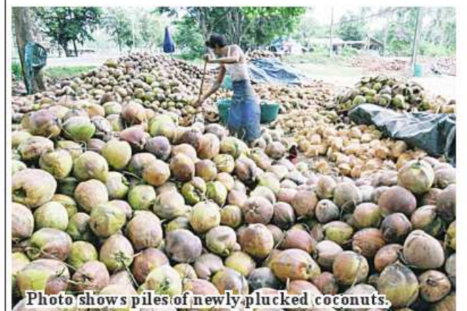
Photo shows piles of newly plucked coconuts.
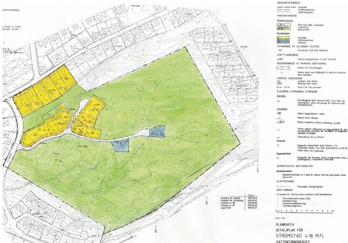
Plankarta, utklipp från gällande detaljplan.

Genomförandetiden är angiven till 5 år från den dag beslut om antagande vunnit laga kraft. Det finns således ingen pågående genomförandetid. Gällande detaljplan omfattas av äldre plan- och bygglagen (PBL 1987:10).
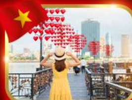
เช็กอินสะพานแห่งความรัก
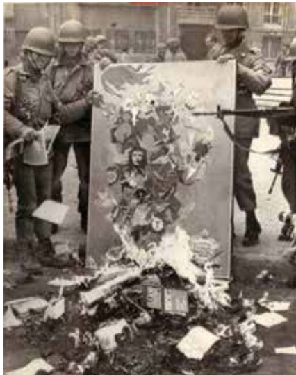
Autodafé de littérature marxiste au Chili en 1973 (CIA)
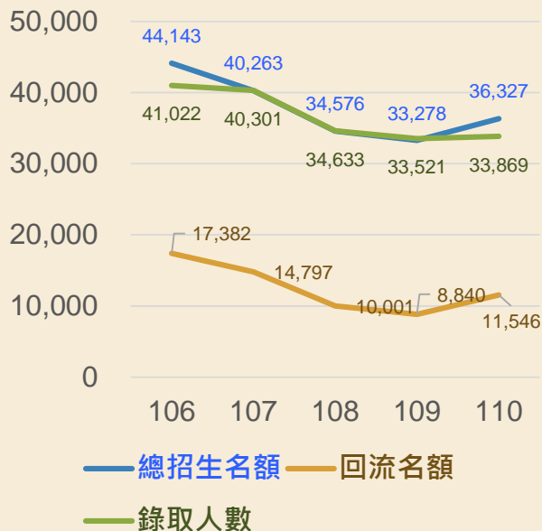
總招生名額、回流名額及錄取人數
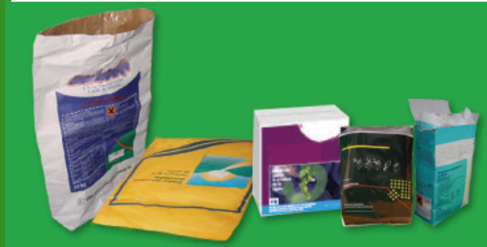
sacs et boîtes en carton, papier, plastique... (contenance inférieure ou égale à 25 kg)
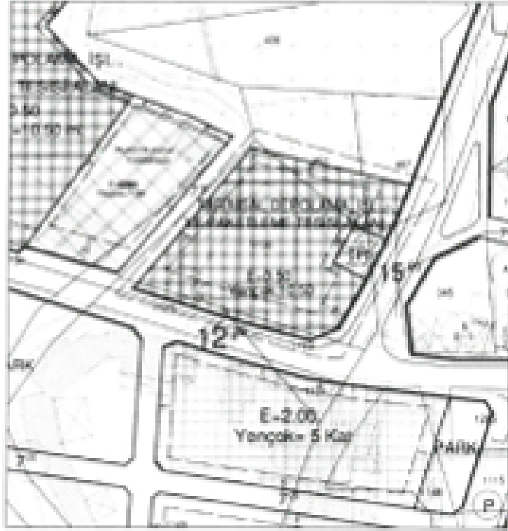
Şekil.2 Öneri Uygulama İmar Planı

Antalya İli, Finike İlçesi sınırları içerisindeki Çavdır Mahallesi 276 ada 1 parsel de bulunan yaklaşık 3794 m 2 (0,3 ha)lık ticaret alanı kaldırılarak yerine Tarım ve Hayvancılık Tesis Alanı yapılmıştır.
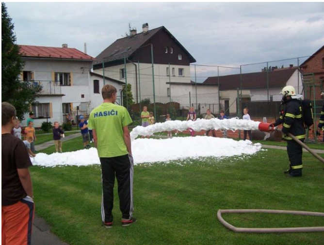
Obr. ▲ Stříkání pěny
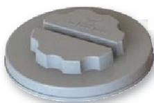
Tapón registro roscado
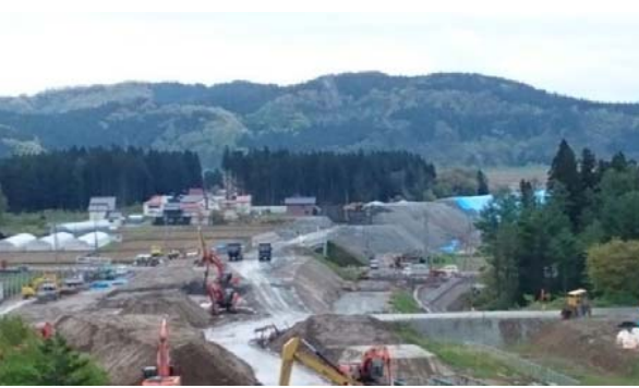
蔵岡・岩花地区(新庄方面)
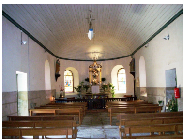
Plougoulm, chapelle de Notre-Dame de Prat-Coulm : vue axiale est
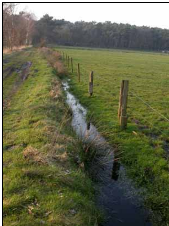
Sectie 4 en 3: van paal 5 naar 3
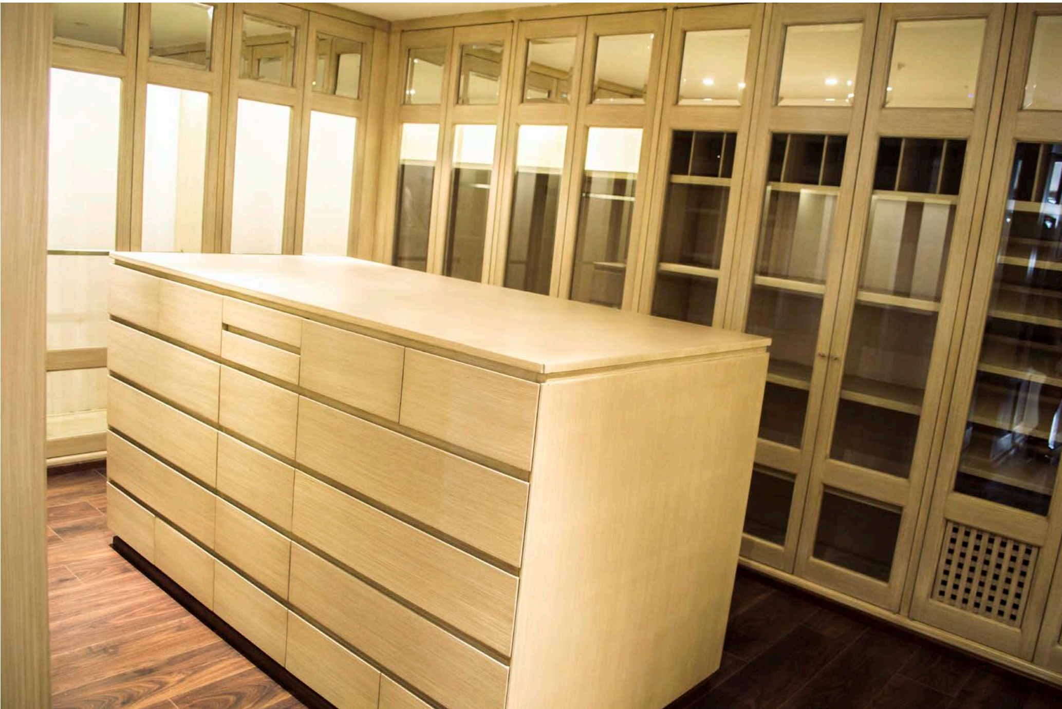
Vestidor Recámara 1 (Principal)
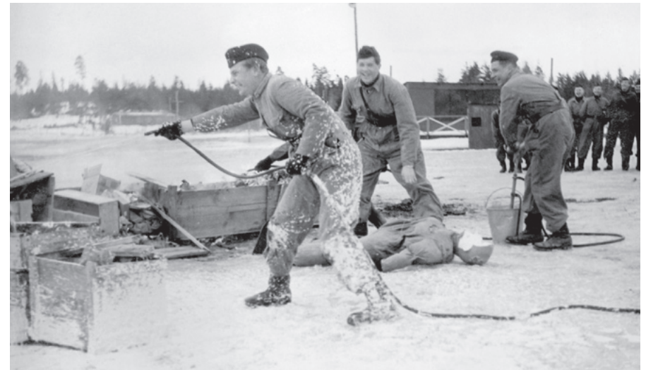
När planet fattar eld får eleverna öva brandsläckning.
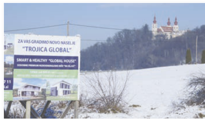
Novo naselje bodo zgradili na blagem in prisojnem južnem pobočju pred Sveto Trojico, nedaleč od Trojiškega jezera.

Odlok ureja tudi pogoje za urbanistično in arhitekturno oblikovanje. Hiše so lahko prostostoječe ali vrstne. Dvokapnice bodo morale imeti klet, pritličje in mansardo, medtem ko bodo morale imeti hiše s kletjo, pritličjem in prvim nadstropjem ravne in položne strehe. Odlok izrecno prepoveduje, da bi imele hiše večkotne izzidke in
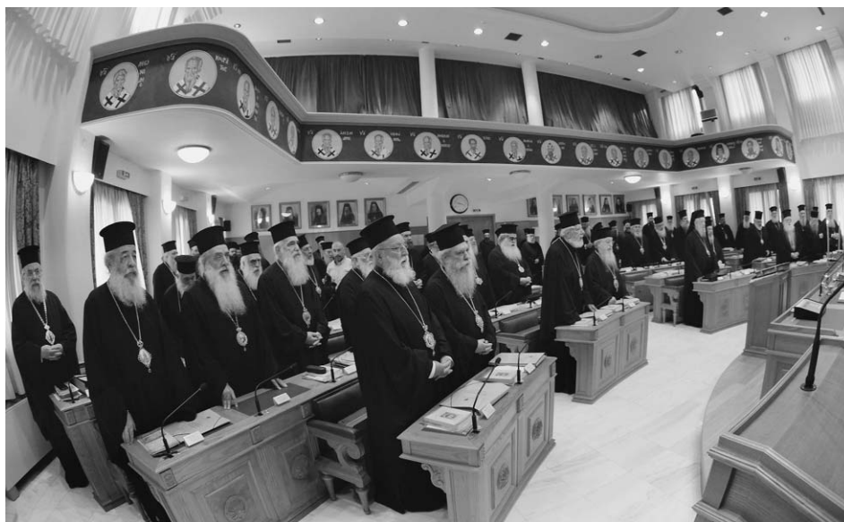
Στιγμιότυπο μέ τά μέλη τῆς Ἱεράς Συνόδου τῆς Ἱεραρχίας κατά τήν ἐναρξη τῶν ἐργασιῶν.

Μετά τήν προσευχή ἀνεγνώσθη ὁ Κατάλογος τῶν συμμετεχόντων Ἱεραρχῶν καί διαπιστώθηκε ἀπαρτία. Κατόπιν ἐπικυρώθηκαν τά Πρακτικά τῆς χθεσινῆς Συνεδρίας.
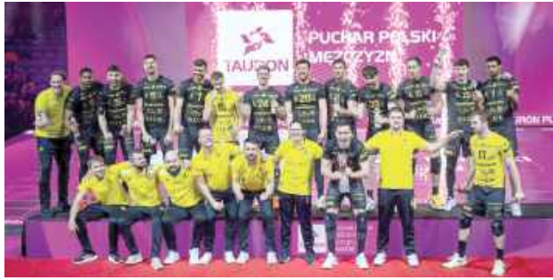
Bogdanka LUK Lublin - triumfatorzy Tauron Pucharu Polski

Po raz pierwszy w historii klubu Bogdanka LUK Lublin sięgnęła po Tauron Puchar Polski. W wielkim finale turnieju w Krakowie żółto-czarni pokonali Asseco Resovię Rzeszów.
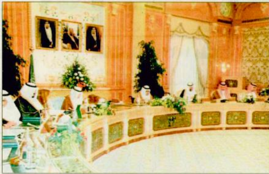
تقف مع الشرعية فيما يتعلق بالظروف الراهنة التي تمر بها جمهورية باكستان الاسلامية.

واقف معالي وزير الإعلام فؤاد بن عبدالسلام الفارسي في بيانه لوكالة الأنباء السعودية عقب الجلسة ان سمو ولي العهد عرض ويتوجه كريمة إلى مظاهر الحفاوة والتجانب والتكريم الذي لقيته المملكة من اخوانه قادة تلك الدول وما يكونه لخادم الحرمين الشريفين الملك فهد بن عبدالعزيز وشعب المملكة من الود والالتفات والتقدير. وأعرب سمو ولي العهد عن شكره وامتنانه لاخوانه قادة تلك الدول على الحفاوة وحسن الاستقبال اللذين لقيتهما سموه والوفد الرفاق خلال جولته الاخيرة.
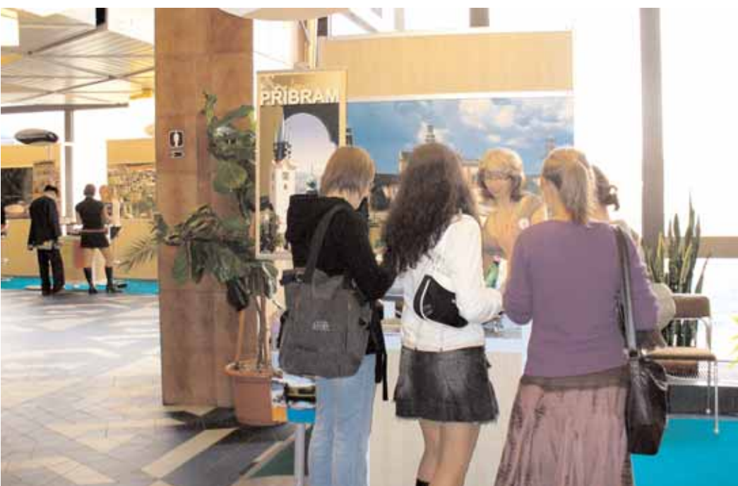
Město Příbram se zúčastnilo ve dnech 4. - 6. října 2007 veletrhu ITEP v Plzni
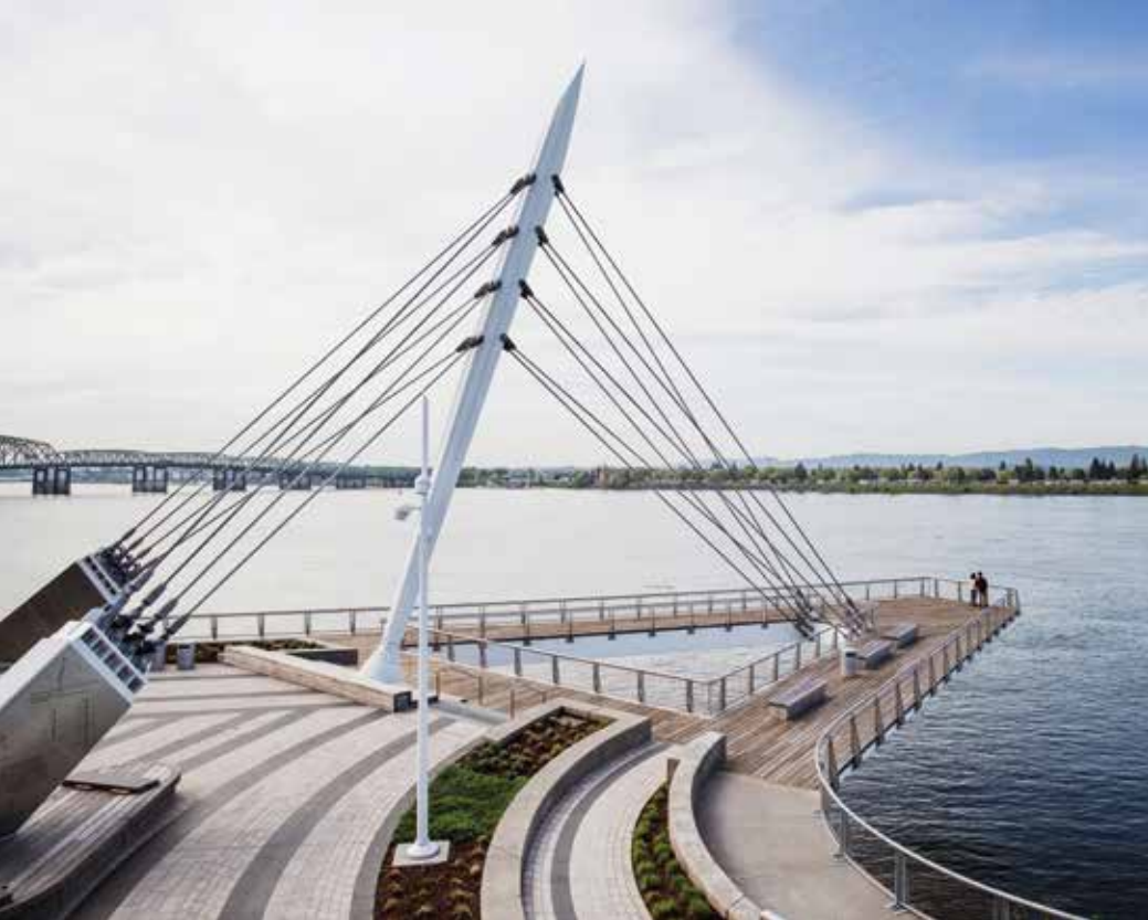
Am Columbia River: Grand Street Pier in Vancouver.
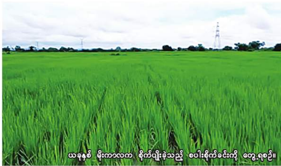
ယခုနှစ် မိုးကာလက စိုက်ပျိုးခဲ့သည့် စပါးစိုက်ခင်းကို တွေ့ရစဉ်။

မော်လိုက် ဒီဇင်ဘာ ၁၄ စစ်ကိုင်းတိုင်းဒေသကြီး မော်လိုက်ခရိုင်တွင် လာမည့် နွေသီးနှံ စိုက်ပျိုးရာသီ၌ နွေစပါး ၉၁၇၉ ဧက လျာထားစိုက်ပျိုးမည်ဖြစ်ကြောင်း မော်လိုက်ခရိုင် စိုက်ပျိုးရေးဦးစီးဌာနမှ သိရသည်။
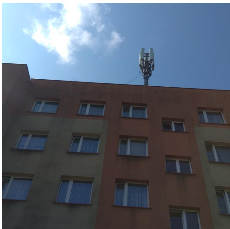
Fot. 1: Widok anten stacji bazowych: ID: KAT0049_B, ID: 1779 (32412N!), zlokalizowanych pod adresem: ul. Grodowa 30, 40-407 Katowice
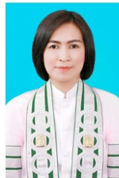
คณะมนุษยศาสตร์

สำนักทะเบียนและวัดผล มหาวิทยาลัยมหาจุฬาลงกรณราชวิทยาลัย
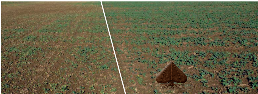
GROUND ® vähendab oluliselt rapsi lehtede valgenemist liiga suure klomasooni sisalduse kasutamise korral.

Pärast GROUND ® kasutamist on võimalik kasvatada kõiki taimi ilma piiranguteta. Arvestada tuleb kasutatud herbitsiidi võimalike piirangutega.
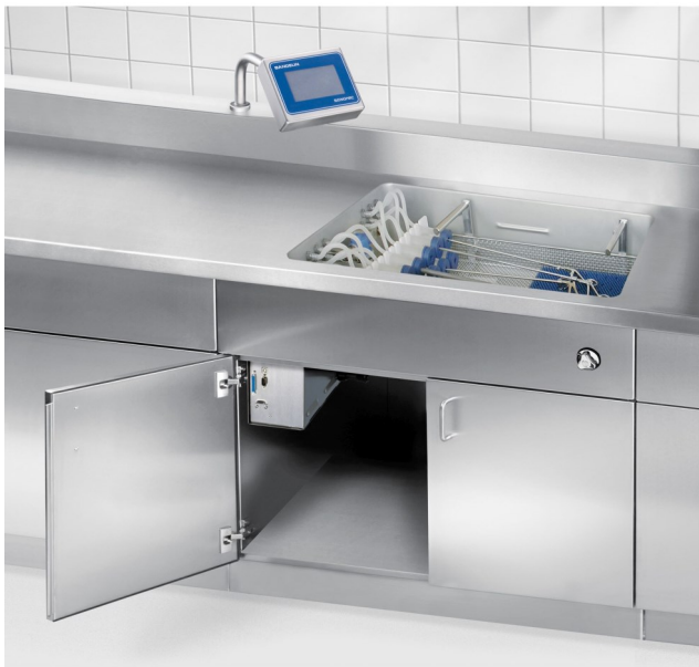
Sonomic MC 1001 E

Laite tuottaa pesunesteeseen energiaa. Syntyy pieniä ilmakuplia joita kutsutaan kavitaatioksi. Kavitaatio ns. "elektroninen harjaaminen", irrottaa likaa ja epäpuhtauksia tehokkaasti ahtaistakin paikoista siirtäen ne pesunesteeseen.
• • • • • • •
--- What to produce ---
Working from the material above, transcribe it exactly while omitting pictures.

--- Solution to the exercise ---
Photo shows piles of newly plucked coconuts.
Plankarta, utklipp från gällande detaljplan.

Genomförandetiden är angiven till 5 år från den dag beslut om antagande vunnit laga kraft. Det finns således ingen pågående genomförandetid. Gällande detaljplan omfattas av äldre plan- och bygglagen (PBL 1987:10).
เช็กอินสะพานแห่งความรัก
Autodafé de littérature marxiste au Chili en 1973 (CIA)
總招生名額、回流名額及錄取人數
sacs et boîtes en carton, papier, plastique... (contenance inférieure ou égale à 25 kg)
Şekil.2 Öneri Uygulama İmar Planı

Antalya İli, Finike İlçesi sınırları içerisindeki Çavdır Mahallesi 276 ada 1 parsel de bulunan yaklaşık 3794 m 2 (0,3 ha)lık ticaret alanı kaldırılarak yerine Tarım ve Hayvancılık Tesis Alanı yapılmıştır.
Obr. ▲ Stříkání pěny
Tapón registro roscado
蔵岡・岩花地区(新庄方面)
Plougoulm, chapelle de Notre-Dame de Prat-Coulm : vue axiale est
Sectie 4 en 3: van paal 5 naar 3
Vestidor Recámara 1 (Principal)
När planet fattar eld får eleverna öva brandsläckning.
Novo naselje bodo zgradili na blagem in prisojnem južnem pobočju pred Sveto Trojico, nedaleč od Trojiškega jezera.

Odlok ureja tudi pogoje za urbanistično in arhitekturno oblikovanje. Hiše so lahko prostostoječe ali vrstne. Dvokapnice bodo morale imeti klet, pritličje in mansardo, medtem ko bodo morale imeti hiše s kletjo, pritličjem in prvim nadstropjem ravne in položne strehe. Odlok izrecno prepoveduje, da bi imele hiše večkotne izzidke in
Στιγμιότυπο μέ τά μέλη τῆς Ἱεράς Συνόδου τῆς Ἱεραρχίας κατά τήν ἐναρξη τῶν ἐργασιῶν.

Μετά τήν προσευχή ἀνεγνώσθη ὁ Κατάλογος τῶν συμμετεχόντων Ἱεραρχῶν καί διαπιστώθηκε ἀπαρτία. Κατόπιν ἐπικυρώθηκαν τά Πρακτικά τῆς χθεσινῆς Συνεδρίας.
Bogdanka LUK Lublin - triumfatorzy Tauron Pucharu Polski

Po raz pierwszy w historii klubu Bogdanka LUK Lublin sięgnęła po Tauron Puchar Polski. W wielkim finale turnieju w Krakowie żółto-czarni pokonali Asseco Resovię Rzeszów.
تقف مع الشرعية فيما يتعلق بالظروف الراهنة التي تمر بها جمهورية باكستان الاسلامية.

واقف معالي وزير الإعلام فؤاد بن عبدالسلام الفارسي في بيانه لوكالة الأنباء السعودية عقب الجلسة ان سمو ولي العهد عرض ويتوجه كريمة إلى مظاهر الحفاوة والتجانب والتكريم الذي لقيته المملكة من اخوانه قادة تلك الدول وما يكونه لخادم الحرمين الشريفين الملك فهد بن عبدالعزيز وشعب المملكة من الود والالتفات والتقدير. وأعرب سمو ولي العهد عن شكره وامتنانه لاخوانه قادة تلك الدول على الحفاوة وحسن الاستقبال اللذين لقيتهما سموه والوفد الرفاق خلال جولته الاخيرة.
Město Příbram se zúčastnilo ve dnech 4. - 6. října 2007 veletrhu ITEP v Plzni
Am Columbia River: Grand Street Pier in Vancouver.
ယခုနှစ် မိုးကာလက စိုက်ပျိုးခဲ့သည့် စပါးစိုက်ခင်းကို တွေ့ရစဉ်။

မော်လိုက် ဒီဇင်ဘာ ၁၄ စစ်ကိုင်းတိုင်းဒေသကြီး မော်လိုက်ခရိုင်တွင် လာမည့် နွေသီးနှံ စိုက်ပျိုးရာသီ၌ နွေစပါး ၉၁၇၉ ဧက လျာထားစိုက်ပျိုးမည်ဖြစ်ကြောင်း မော်လိုက်ခရိုင် စိုက်ပျိုးရေးဦးစီးဌာနမှ သိရသည်။
Fot. 1: Widok anten stacji bazowych: ID: KAT0049_B, ID: 1779 (32412N!), zlokalizowanych pod adresem: ul. Grodowa 30, 40-407 Katowice
คณะมนุษยศาสตร์

สำนักทะเบียนและวัดผล มหาวิทยาลัยมหาจุฬาลงกรณราชวิทยาลัย
GROUND ® vähendab oluliselt rapsi lehtede valgenemist liiga suure klomasooni sisalduse kasutamise korral.

Pärast GROUND ® kasutamist on võimalik kasvatada kõiki taimi ilma piiranguteta. Arvestada tuleb kasutatud herbitsiidi võimalike piirangutega.
Sonomic MC 1001 E

Laite tuottaa pesunesteeseen energiaa. Syntyy pieniä ilmakuplia joita kutsutaan kavitaatioksi. Kavitaatio ns. "elektroninen harjaaminen", irrottaa likaa ja epäpuhtauksia tehokkaasti ahtaistakin paikoista siirtäen ne pesunesteeseen.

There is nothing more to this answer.